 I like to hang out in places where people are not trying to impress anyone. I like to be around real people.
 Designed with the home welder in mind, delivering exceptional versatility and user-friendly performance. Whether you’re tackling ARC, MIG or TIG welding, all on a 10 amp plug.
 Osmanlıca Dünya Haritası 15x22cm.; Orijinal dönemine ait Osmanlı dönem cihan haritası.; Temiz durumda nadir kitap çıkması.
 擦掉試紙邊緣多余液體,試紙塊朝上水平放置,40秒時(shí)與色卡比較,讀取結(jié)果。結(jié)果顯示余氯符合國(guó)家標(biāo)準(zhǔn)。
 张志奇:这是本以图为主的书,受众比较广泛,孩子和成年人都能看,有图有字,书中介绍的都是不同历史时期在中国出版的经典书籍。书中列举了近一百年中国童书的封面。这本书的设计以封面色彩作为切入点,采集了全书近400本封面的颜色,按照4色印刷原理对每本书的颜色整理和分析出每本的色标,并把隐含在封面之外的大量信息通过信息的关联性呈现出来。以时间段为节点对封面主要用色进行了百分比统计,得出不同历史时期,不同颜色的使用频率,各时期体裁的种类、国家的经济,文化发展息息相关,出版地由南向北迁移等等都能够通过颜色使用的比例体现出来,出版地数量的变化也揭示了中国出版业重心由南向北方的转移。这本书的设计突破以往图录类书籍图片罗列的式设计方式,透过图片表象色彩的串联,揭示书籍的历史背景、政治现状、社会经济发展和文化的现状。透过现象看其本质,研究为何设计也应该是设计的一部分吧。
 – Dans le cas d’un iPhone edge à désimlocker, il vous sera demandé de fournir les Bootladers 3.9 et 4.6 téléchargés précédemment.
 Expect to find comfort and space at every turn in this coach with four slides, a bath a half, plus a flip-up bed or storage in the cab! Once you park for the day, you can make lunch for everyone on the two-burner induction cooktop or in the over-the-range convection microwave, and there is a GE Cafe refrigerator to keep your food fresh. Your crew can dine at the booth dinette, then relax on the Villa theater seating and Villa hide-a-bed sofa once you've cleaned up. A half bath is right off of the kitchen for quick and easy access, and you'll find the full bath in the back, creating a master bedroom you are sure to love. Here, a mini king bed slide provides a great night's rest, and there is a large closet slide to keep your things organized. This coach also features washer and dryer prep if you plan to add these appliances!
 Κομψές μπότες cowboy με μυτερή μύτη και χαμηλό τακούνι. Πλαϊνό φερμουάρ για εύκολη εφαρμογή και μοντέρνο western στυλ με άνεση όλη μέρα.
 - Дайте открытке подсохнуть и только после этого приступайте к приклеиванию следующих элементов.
============================================================
EXERCISE GOAL: Could you transcribe each entry exactly as it stands?

ANSWER TO THE PROBLEM:
 I like to hang out in places where people are not trying to impress anyone. I like to be around real people.
 Designed with the home welder in mind, delivering exceptional versatility and user-friendly performance. Whether you’re tackling ARC, MIG or TIG welding, all on a 10 amp plug.
 Osmanlıca Dünya Haritası 15x22cm.; Orijinal dönemine ait Osmanlı dönem cihan haritası.; Temiz durumda nadir kitap çıkması.
 擦掉試紙邊緣多余液體,試紙塊朝上水平放置,40秒時(shí)與色卡比較,讀取結(jié)果。結(jié)果顯示余氯符合國(guó)家標(biāo)準(zhǔn)。
 张志奇:这是本以图为主的书,受众比较广泛,孩子和成年人都能看,有图有字,书中介绍的都是不同历史时期在中国出版的经典书籍。书中列举了近一百年中国童书的封面。这本书的设计以封面色彩作为切入点,采集了全书近400本封面的颜色,按照4色印刷原理对每本书的颜色整理和分析出每本的色标,并把隐含在封面之外的大量信息通过信息的关联性呈现出来。以时间段为节点对封面主要用色进行了百分比统计,得出不同历史时期,不同颜色的使用频率,各时期体裁的种类、国家的经济,文化发展息息相关,出版地由南向北迁移等等都能够通过颜色使用的比例体现出来,出版地数量的变化也揭示了中国出版业重心由南向北方的转移。这本书的设计突破以往图录类书籍图片罗列的式设计方式,透过图片表象色彩的串联,揭示书籍的历史背景、政治现状、社会经济发展和文化的现状。透过现象看其本质,研究为何设计也应该是设计的一部分吧。
 – Dans le cas d’un iPhone edge à désimlocker, il vous sera demandé de fournir les Bootladers 3.9 et 4.6 téléchargés précédemment.
 Expect to find comfort and space at every turn in this coach with four slides, a bath a half, plus a flip-up bed or storage in the cab! Once you park for the day, you can make lunch for everyone on the two-burner induction cooktop or in the over-the-range convection microwave, and there is a GE Cafe refrigerator to keep your food fresh. Your crew can dine at the booth dinette, then relax on the Villa theater seating and Villa hide-a-bed sofa once you've cleaned up. A half bath is right off of the kitchen for quick and easy access, and you'll find the full bath in the back, creating a master bedroom you are sure to love. Here, a mini king bed slide provides a great night's rest, and there is a large closet slide to keep your things organized. This coach also features washer and dryer prep if you plan to add these appliances!
 Κομψές μπότες cowboy με μυτερή μύτη και χαμηλό τακούνι. Πλαϊνό φερμουάρ για εύκολη εφαρμογή και μοντέρνο western στυλ με άνεση όλη μέρα.
 - Дайте открытке подсохнуть и только после этого приступайте к приклеиванию следующих элементов.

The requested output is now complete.